Data publikacji:
2021-11-22
Strona główna > Artykuł
"To zmasowana operacja psychologiczna, która ma zastraszyć opinię publiczną na Zachodzie". Konończuk o działaniach dezinformacyjnych Rosji
Jedynka
Rosja już od dłuższego czasu prowadzi kampanie dezinformacyjne przeciwko krajom Unii Europejskiej, wykorzystując do tego media tradycyjne i społecznościowe. - Rosjanie są jednymi z pionierów, jeśli chodzi o kwestię dezinformacyjną. Mają długie tradycje jeszcze z czasów sowieckich - mówi w Programie 1 Polskiego Radia Wojciech Konończuk, wicedyrektor Ośrodka Studiów Wschodnich.
Prezydent Rosji Władimir Putinfot.
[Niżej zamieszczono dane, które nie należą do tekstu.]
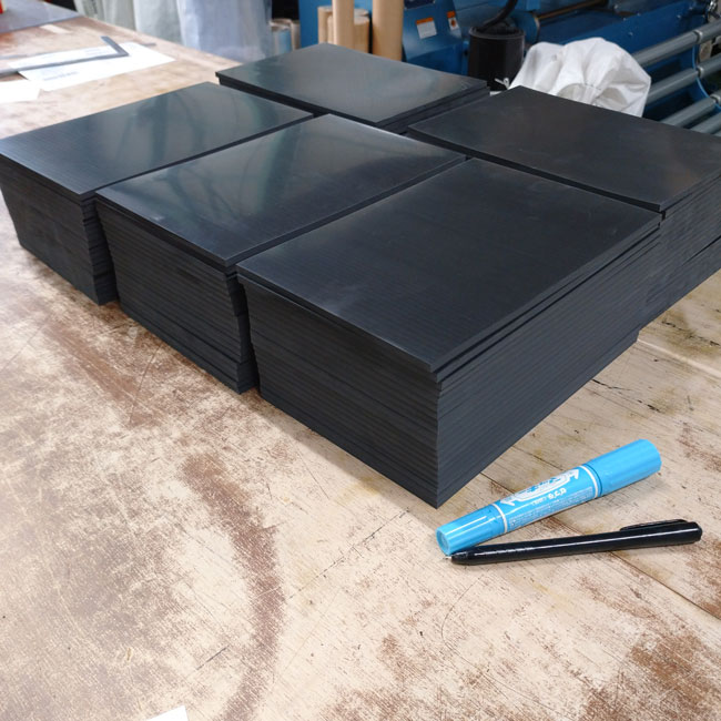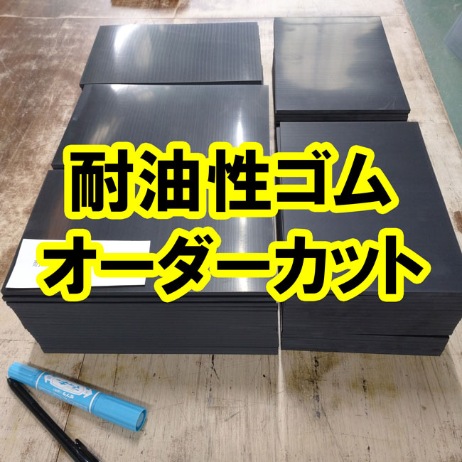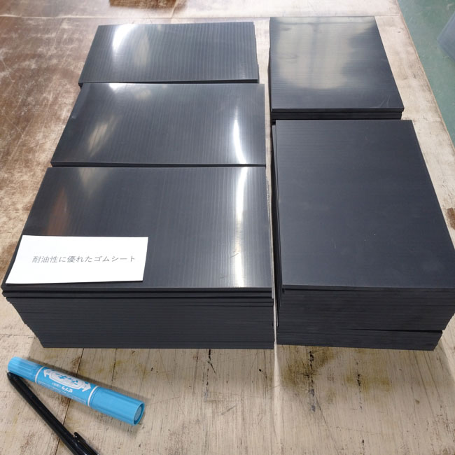 何度かご紹介させていただいてますが、耐油性に優れたゴムシートのオーダーカットもしております。在庫は厚さ1mm、2mm、3mm、5mm、10mmがあり、在庫品については1~2日以内での出荷が可能です。場合によっては当日出荷も可能ですので、お急ぎの場合はご連絡くださいませ。潤滑油が付着するなど、耐油性が必要とされる場所での部材(パッキン材)などでオススメの材質です。

Frederic Legrand - COMEO / shutterstock

Rosyjska dezinformacja, konflikt Rosji i Ukrainy, relacje litewsko-chińskie, obostrzenia na Słowacji i w Czechach (Jedynka/Więcej świata)
- Rosjanie, a wcześniej Związek Sowiecki, to mistrzowie dezinformacji - podkreślał w Rydze premier Mateusz Morawiecki.
Premier zaznaczył także: - Dziś widzimy wzmożony atak dezinformacji na zachodnie stolice, a tam niestety nie znają tych metod aż tak dobrze, jak w Rydze czy w Warszawie. Ta propaganda jest używana jako instrument walki z krajami bałtyckim i Polską na najróżniejsze sposoby. Prosimy naszych partnerów zachodnich, aby skoncentrowali się na tym, co najważniejsze - na walce z fake newsami, atakami hakerskimi, przestępstwami cyfrowymi, które są używane tak często przez Kreml oraz białoruskich i rosyjskich hakerów jako broń w walce na arenie międzynarodowej.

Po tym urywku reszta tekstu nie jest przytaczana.